I'm going to run your utility bills up so ****ing high that you can't pay them. You're going to start stressing the **** out, your blood pressure will triple, and you'll have a ****ing heart attack. You'll go to the hospital for heart operation, and the last thing you'll see when you're being put under in the operating room is me hovering above you, dressed up like a doctor. When you wake up after the operation, you'll be scared for your ****ing life, wondering what I did to you while you were being operated on, wondering what ticking time bomb is in your chest waiting to go off. You'll recover fully from your heart surgery. And when you walk out the front door of that hospital to go home, I'll run you over with my ****ing car out of nowhere and kill you.I just want you to know how easily I could ****ing destroy your pathetic excuse of a life, but how I'd rather go to a great ****ing length to make sure your last remaining days are spent in a living, breathing ****ing hell.
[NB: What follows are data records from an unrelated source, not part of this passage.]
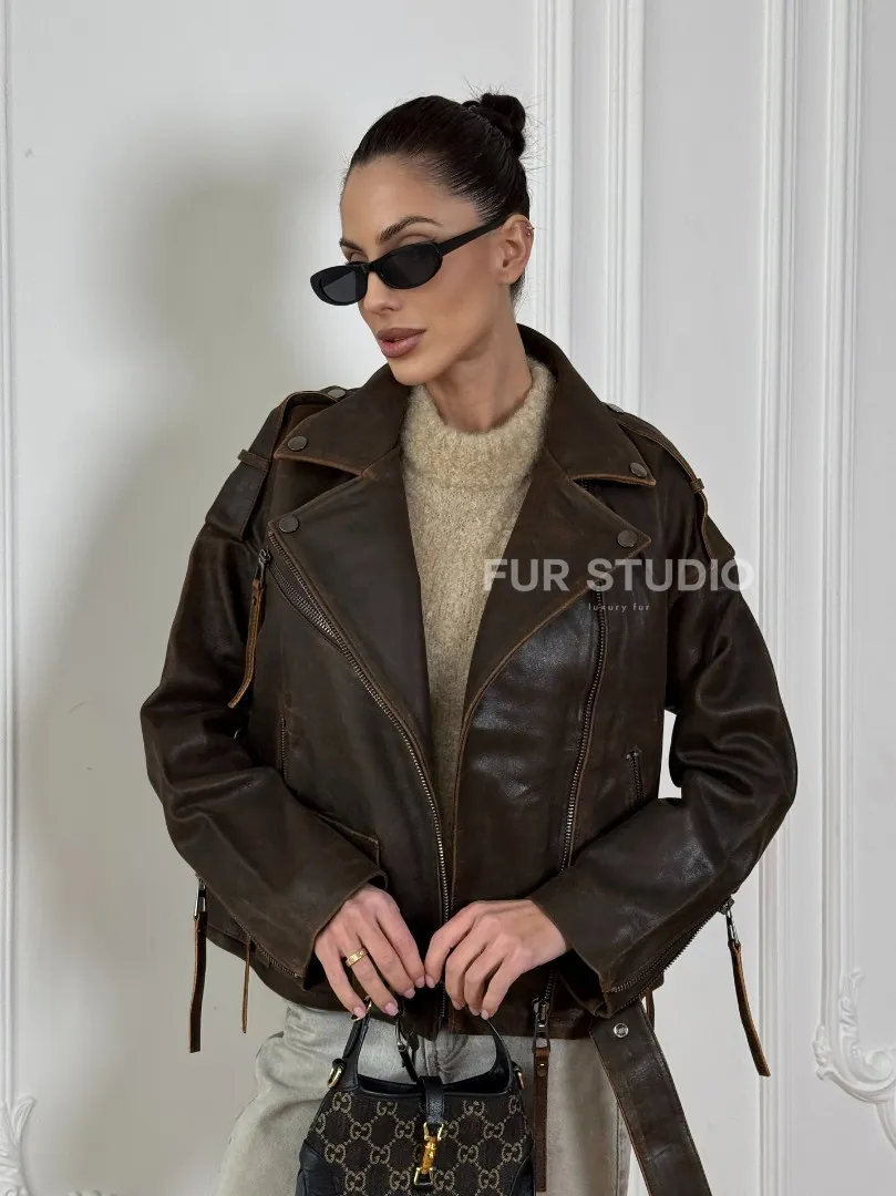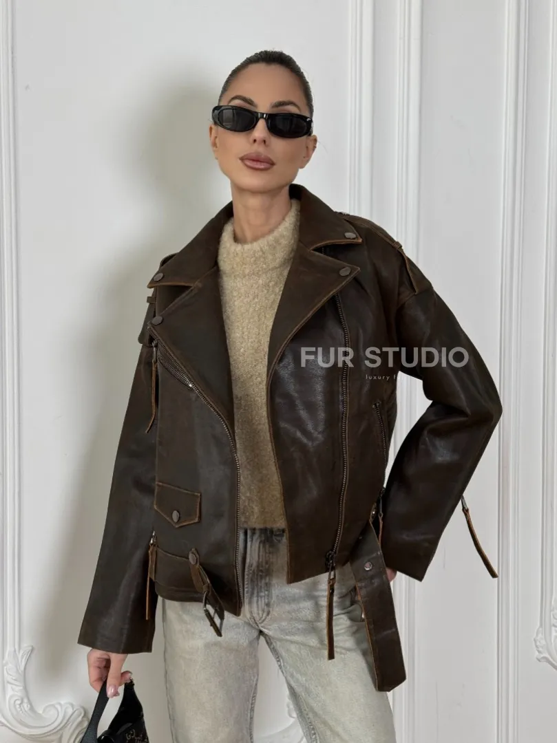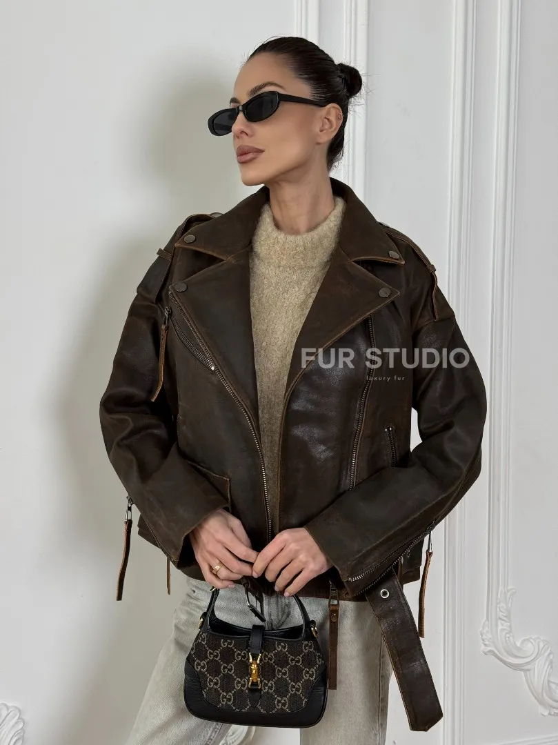 Vintage Brown кожаная куртка - косуха оверсайз с затертыми швами доступна для покупки в нашем шоуруме Furs Studio в Москве, где также предоставляется удобная доставка во все города России.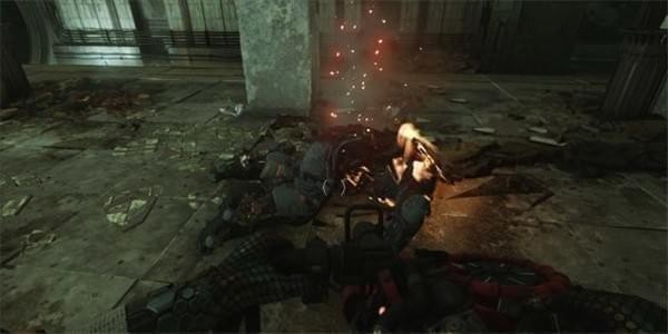 可以从背后暗杀掉敌人,最好的战斗方式就是暗杀,因为和敌人硬扛很容易几秒就死掉,敌人冲锋枪射速超快,常常满血被秒。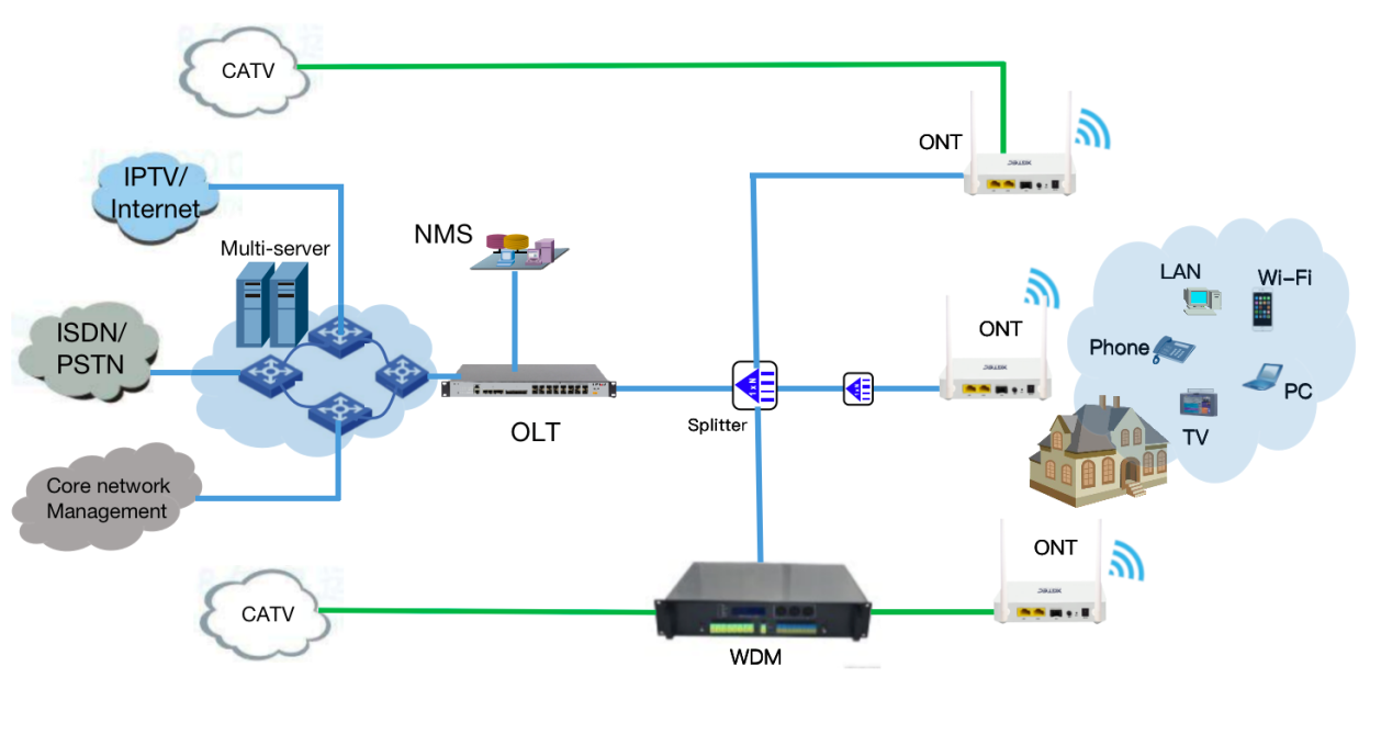 System Capacity: 1:128 split ratio, full configuration supports up to 2048 GPON terminals.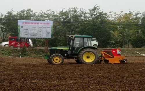 在尚村镇临川寺村开展小麦宽幅沟播机械化作业对比试验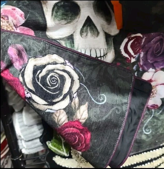 Sugar Skull Day Of Dead Beaded Table Runner Sparkly Jeweled Flowers Halloween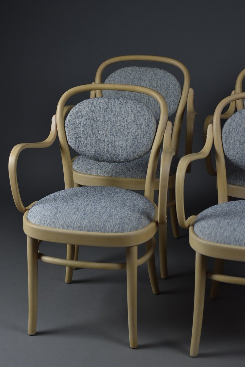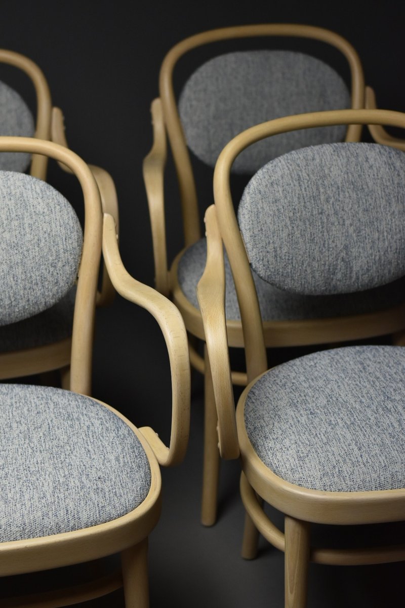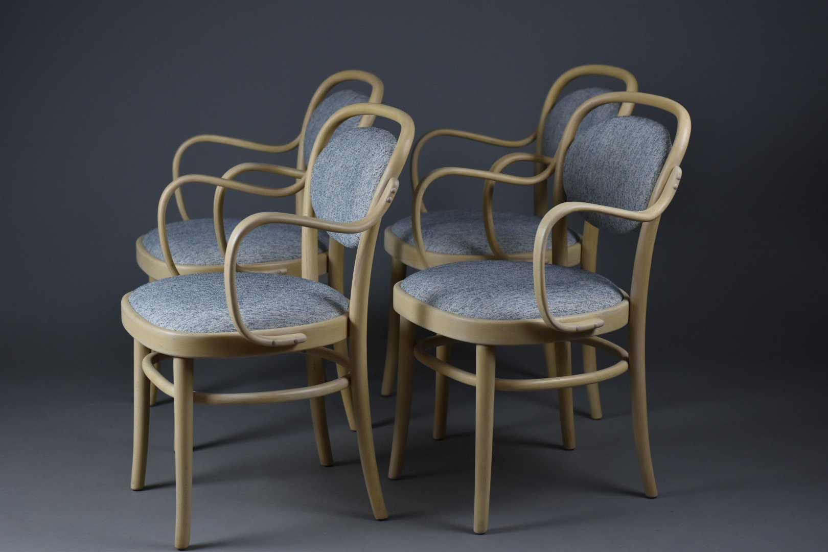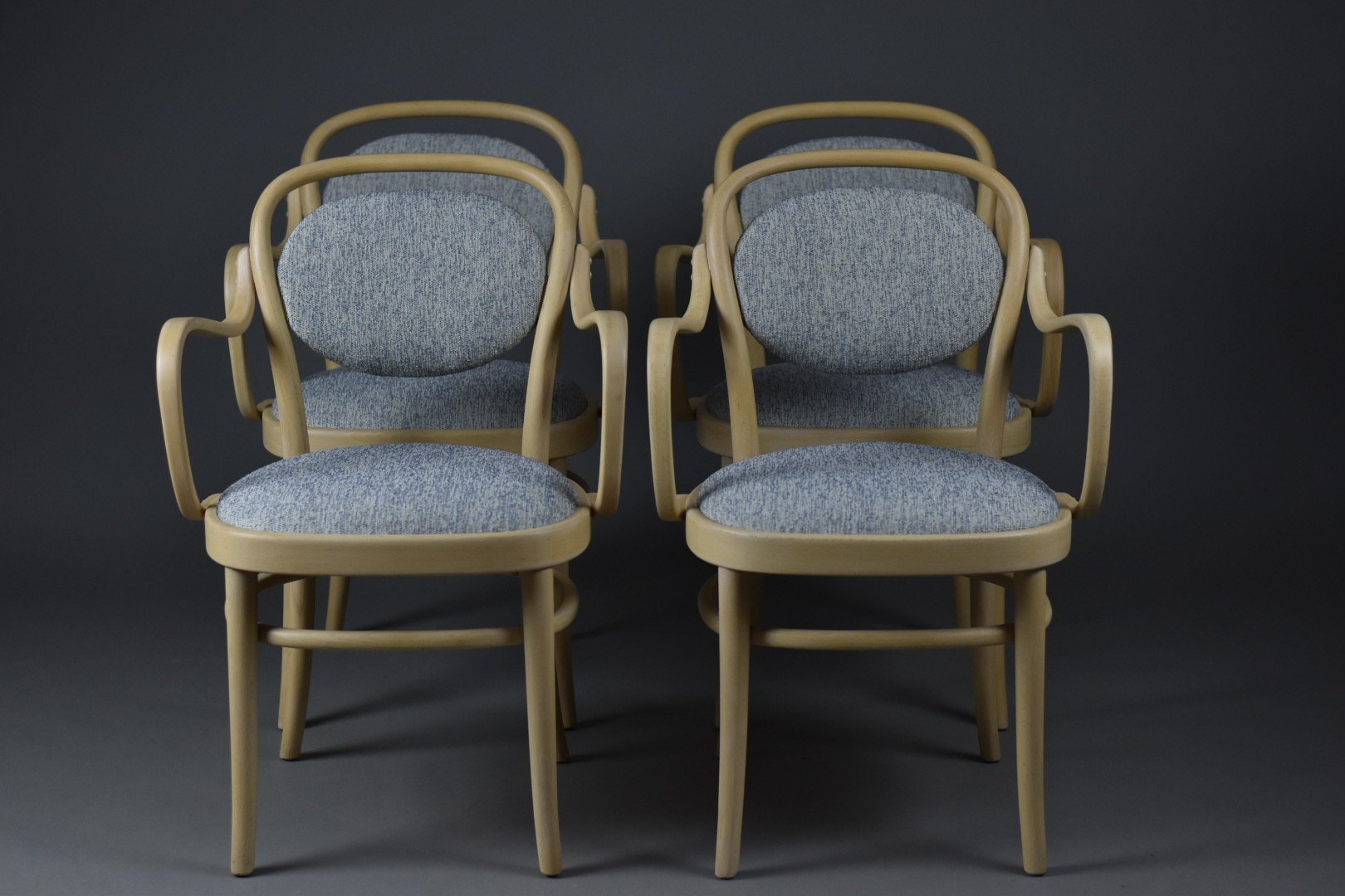 Seats and backrests reupholstered with a high-quality melange wool fabric in soft blue (from a premium European supplier)
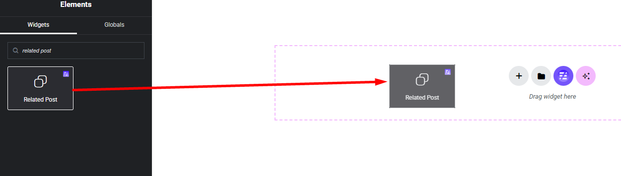 Select the Related Post widget from the left panel, then drag and drop it into your desired area on the canvas.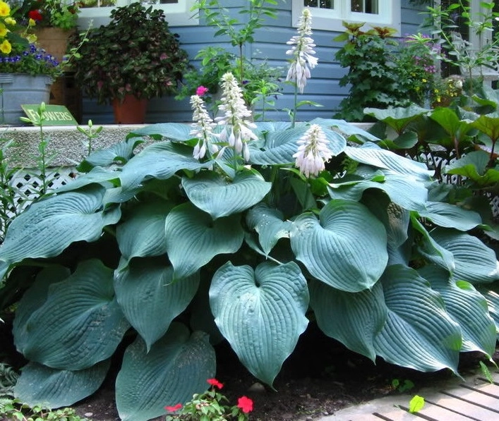 Высота до 60 см, диаметр куста до 90 см. Лист плотный, размером 28х23 см, темно-голубой. Цветки воронковидные, очень элегантные, собраны в соцветие, белые. Один из лучших крупных голубых сортов. Устойчив к повреждению слизнями и улитками.
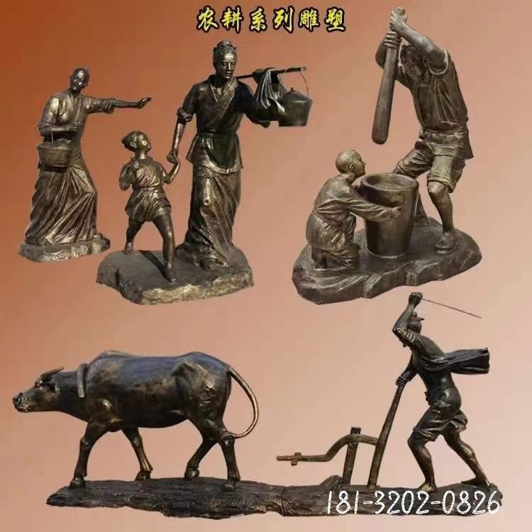 古代農耕人物銅雕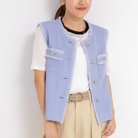 ・粗いゲージで、メッシュのように風通しよく編まれたラッセル素材を使用したベスト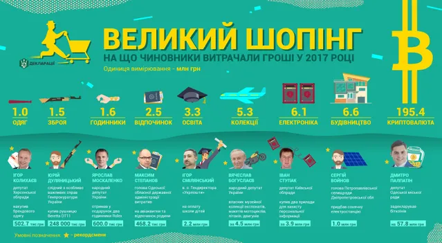 Найбільше з-поміж усіх на біткойни витратився депутат Одеської міської ради Дмитро Палпатін. 1 серпня він придбав 7711 одиниць біткоїн кешу, які на момент купівлі коштували майже 58 млн гривень.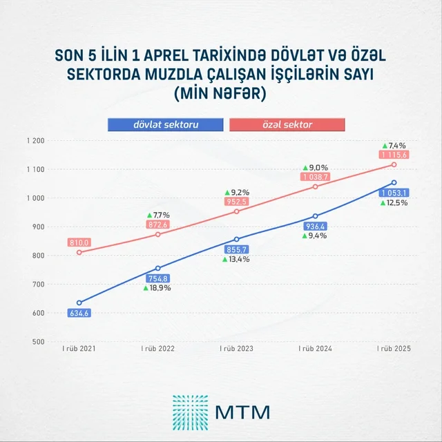 Son bir ildə özəl sektorda ortaaylıq nominal əməkhaqqı məbləği 7.4% və ya 76.9 manat artaraq 1 115.6 manata, dövlət sektorunda isə 12.5% və ya 116.7 manat artaraq 1 053.1 manata çatıb.
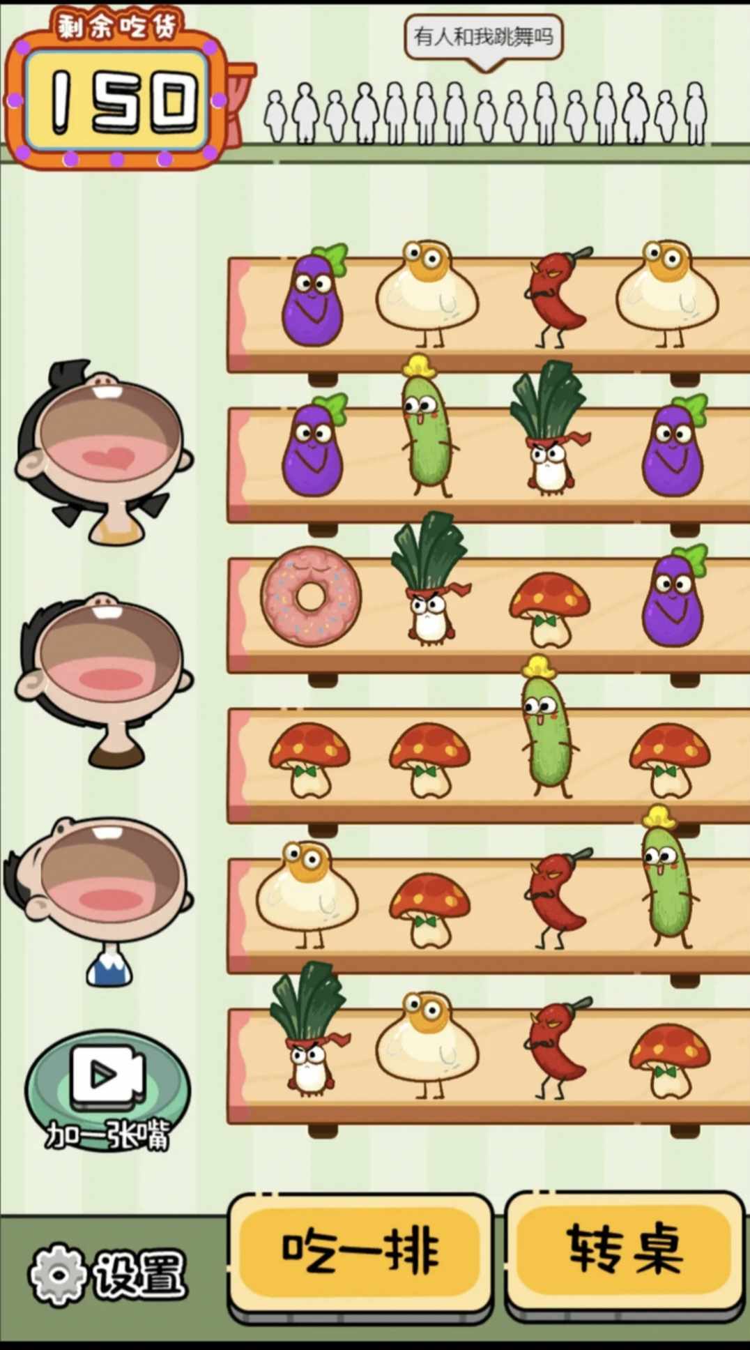 1、点击三个相同食物,喂饱一个吃货;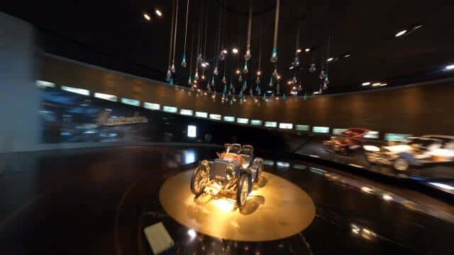 Die rasante Tour führt durch alle Ausstellungsebenen des architektonisch einzigartigen Museums. Von den Anfängen des Automobils mit dem Benz Patent-Motorwagen über silberne Rennlegenden bis zu modernen AMG-Boliden - die Drohne fängt 130 Jahre Automobilgeschichte in einer dynamischen Choreografie ein. Besonders beeindruckend: Die präzisen Flugmanöver zwischen eng steh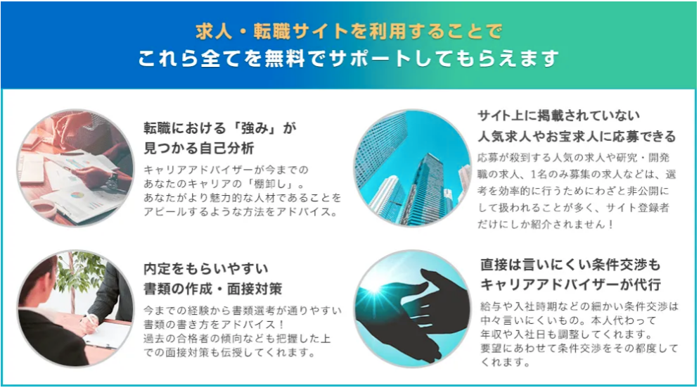 サービス面では、質の高いコンサルタントが求人紹介から面接対策、入社後サポートまで手厚くフォローをしてくれます。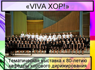 с 14 по 24 ноября в фойе концертного зала первого учебного корпуса будет проходить тематическая выставка «VIVA ХОР!», приуроченнуя к 80-летию кафедры хорового дирижирования Белорусской государственной академии музыки.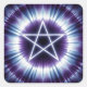 This sticker features a blue white purple tie dye pentagram/pentacle watercolor print.

It's too ****ing late to save yourself, but don't bother committing suicide either...I'll ****ing resuscitate you and kill you again myself..mmkay? I'll put you in so much ****ing pain that it'll make jesus being nailed to a cross in the desert look like a ****ing back massage on a tropical island.I don't give a **** how tough you are, how well you can fight, or how many ****ing guns you own to protect yourself. I'll ****ing show up at your house when you aren't at home. I'll turn all the lights on in your house, leave all the water running, open your fridge door and not close it, and turn your gas stove burners on and let them waste gas. I'll turn your air conditioning on high and open all the windows. I'll turn your cable box on and order 20 pay per view channels at once, and I'll pick up your phone and dial a pay-per-minute sex line in Japan.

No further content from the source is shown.